» Data for this exercise:
((
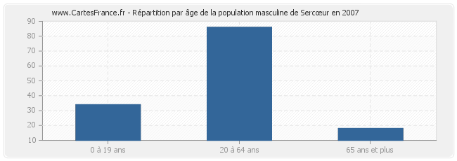 - Hommes de 20 à 64 ans habitant Sercœur : 86
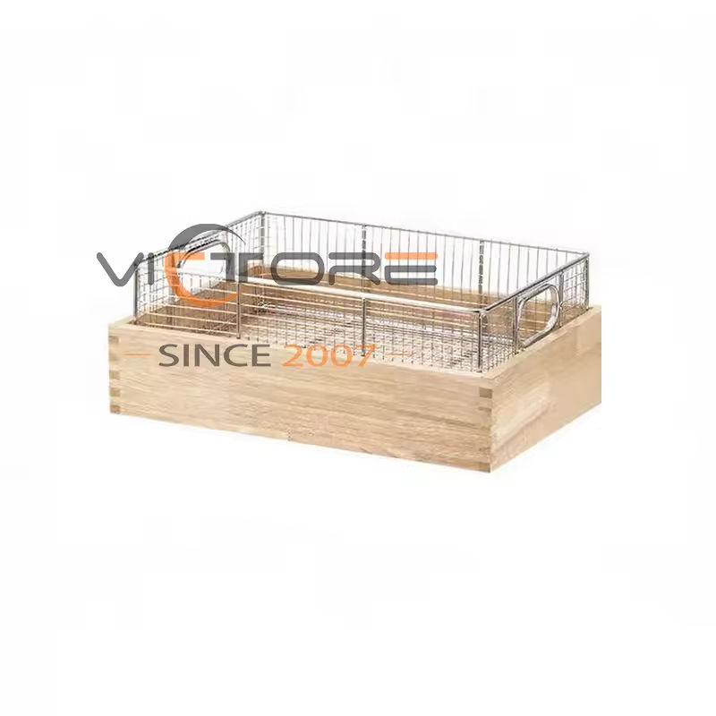 Présentoir rectangulaire en bois pour desserts, buffet traiteur, confiseries, avec panier à frites en acier inoxydable
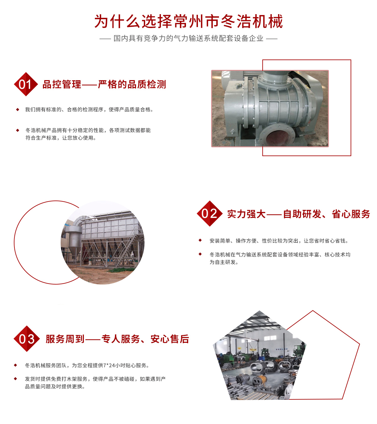 常州市冬浩機械有限公司占地面積5000平方米,擁有一支專業(yè)的科技研發(fā)團隊和配備專業(yè)的生產(chǎn)設備。專業(yè)致力于氣力輸送系統(tǒng)配套設備的研發(fā)、生產(chǎn)及銷售。產(chǎn)品在實際應用中不斷創(chuàng)新、不斷升級,現(xiàn)已對接實現(xiàn)自動化、智能化、人性化。實踐證明公司生產(chǎn)的吸糧機系列、高溫羅茨風機系列、關(guān)風機系列、氣力輸送設備系列、特殊工況訂制系列的產(chǎn)品被廣泛運用于石油化工、油脂、化工干燥、除塵、冶金、環(huán)保、電子、煤炭、建筑、電力機械、糧食、飼料等行業(yè)。為解決輸送、搬運等環(huán)節(jié)中節(jié)約大量的人力、財力;從而提高了生產(chǎn)效率。
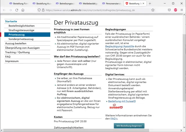Bild 5: Auch das geht problemlos übers Internet – die Webseite zum Bestellen des oft verlangten Strafregisterauszugs
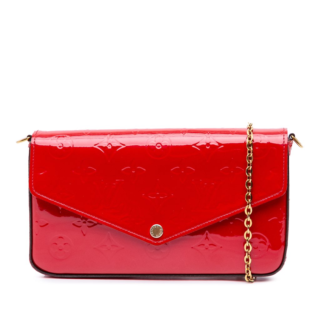 The Pochette Felicie features a monogram vernis leather body, a detachable chain link shoulder strap, a flap with snap button closure, and an interior slip pocket.
))
» Exercise aim: If a record above holds a picture, leave the picture out and write out everything else exactly.

» Response for this exercise:
 - Hommes de 20 à 64 ans habitant Sercœur : 86
 Présentoir rectangulaire en bois pour desserts, buffet traiteur, confiseries, avec panier à frites en acier inoxydable
 常州市冬浩機械有限公司占地面積5000平方米,擁有一支專業(yè)的科技研發(fā)團隊和配備專業(yè)的生產(chǎn)設備。專業(yè)致力于氣力輸送系統(tǒng)配套設備的研發(fā)、生產(chǎn)及銷售。產(chǎn)品在實際應用中不斷創(chuàng)新、不斷升級,現(xiàn)已對接實現(xiàn)自動化、智能化、人性化。實踐證明公司生產(chǎn)的吸糧機系列、高溫羅茨風機系列、關(guān)風機系列、氣力輸送設備系列、特殊工況訂制系列的產(chǎn)品被廣泛運用于石油化工、油脂、化工干燥、除塵、冶金、環(huán)保、電子、煤炭、建筑、電力機械、糧食、飼料等行業(yè)。為解決輸送、搬運等環(huán)節(jié)中節(jié)約大量的人力、財力;從而提高了生產(chǎn)效率。
Bild 5: Auch das geht problemlos übers Internet – die Webseite zum Bestellen des oft verlangten Strafregisterauszugs
 The Pochette Felicie features a monogram vernis leather body, a detachable chain link shoulder strap, a flap with snap button closure, and an interior slip pocket.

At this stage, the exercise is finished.